Adaptive Test-Time Compute Allocation with Evolving In-Context Demonstrations

arXiv cs.AI / 4/25/2026

📰 NewsModels & Research

Key Points

  • The paper proposes a framework that adaptively allocates test-time compute while simultaneously adjusting how the model generates outputs.
  • It uses a warm-up step to find easy queries and build an initial set of question–response pairs drawn from the test set itself.
  • In the adaptive phase, additional compute is focused on unresolved queries and their generation distributions are reshaped via evolving in-context demonstrations.
  • The evolving demonstrations condition each generation on previously successful responses from semantically related queries, avoiding repeated sampling from a fixed distribution.
  • Experiments on math, coding, and reasoning benchmarks show consistent improvements over baselines while using substantially less inference-time compute.

Abstract

While scaling test-time compute can substantially improve model performance, existing approaches either rely on static compute allocation or sample from fixed generation distributions.
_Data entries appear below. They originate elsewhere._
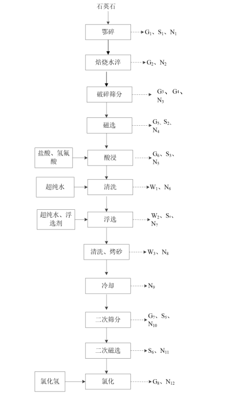 其中,高純石英砂生產(chǎn)工藝流程為鄂碎、焙燒水淬、篩分、磁選、酸浸、清洗、色選、浮選、清洗、烤砂、冷卻、二次篩分、二次磁選、氯化。
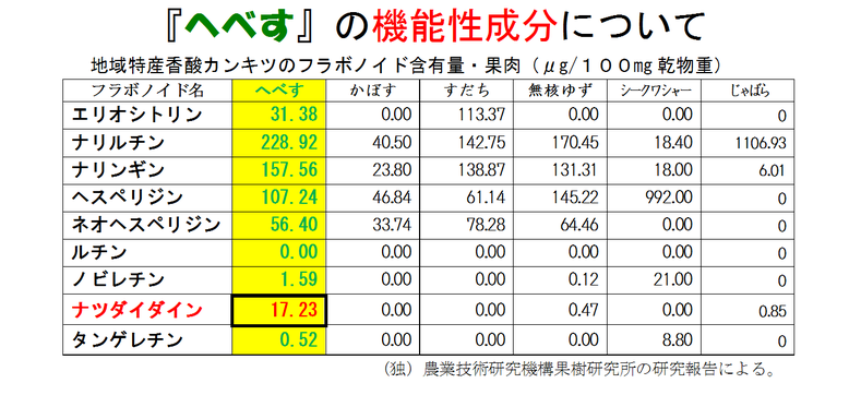 へべすは、香酸カンキツ特有の機能性成分を多く含んでいることがわかっています。
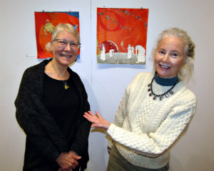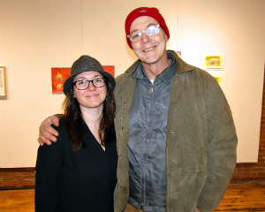 William Archer, an artist in the show, with Silas Sima, an artist from Belfast, Maine; Melanie Mowinski, whose work is seen below, with fellow Woodshed contributor Michelle Daly and her mother, Peg Daly.
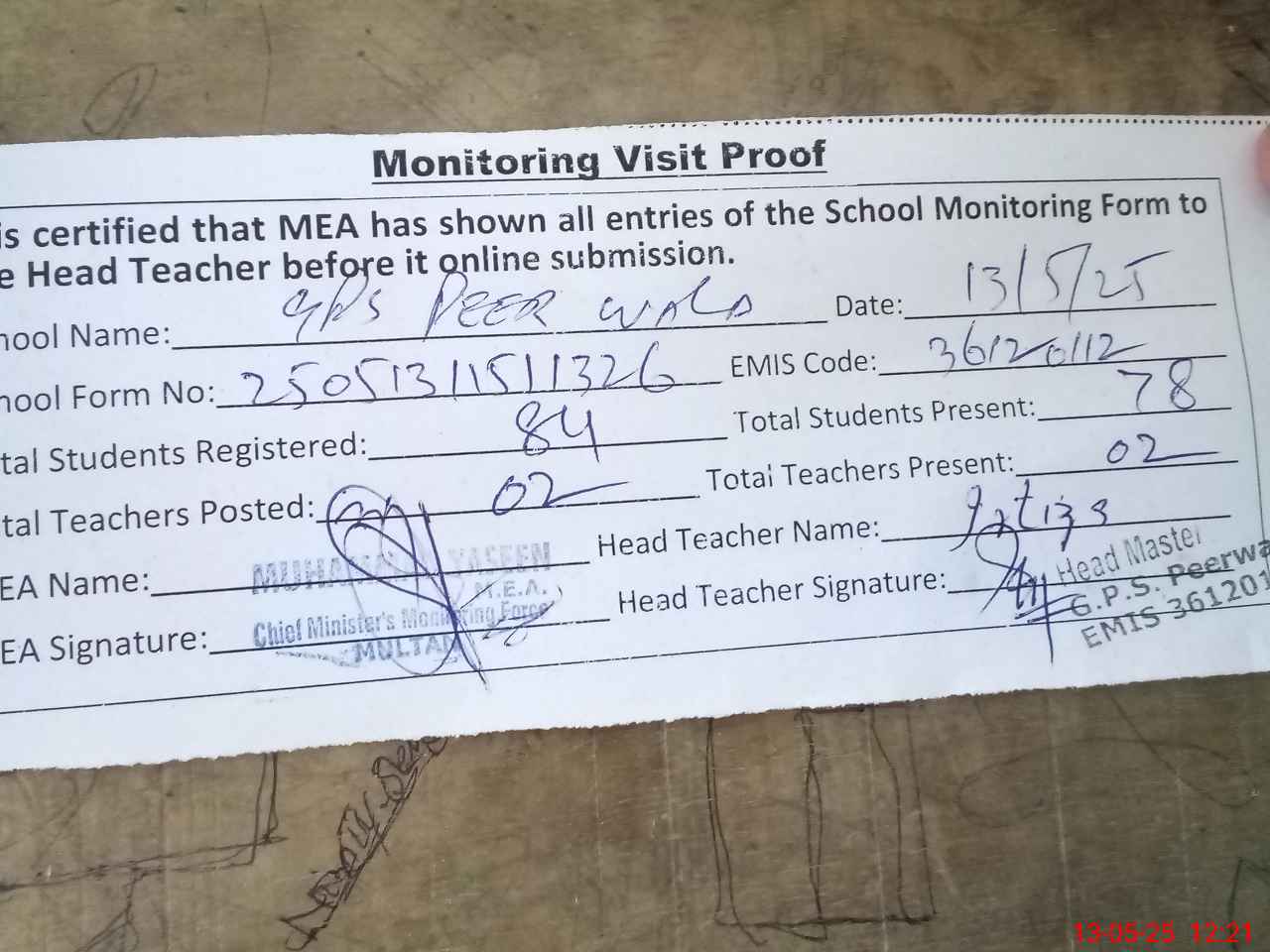 | Attendance Register | Head Teacher | MEA with School | Visit Proof |
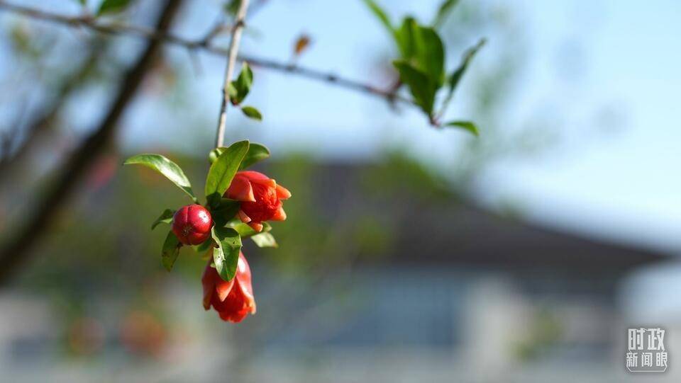 △ 峰会会场外,石榴花开红似火。(总台国广记者李晋拍摄)

In this work, we introduce a test-time compute allocation framework that jointly adapts where computation is spent and how generation is performed. Our method begins with a warm-up phase that identifies easy queries and assembles an initial pool of question-response pairs from the test set itself. An adaptive phase then concentrates further computation on unresolved queries while reshaping their generation distributions through evolving in-context demonstrations -- conditioning each generation on successful responses from semantically related queries rather than resampling from a fixed distribution. Experiments across math, coding, and reasoning benchmarks demonstrate that our approach consistently outperforms existing baselines while consuming substantially less inference-time compute.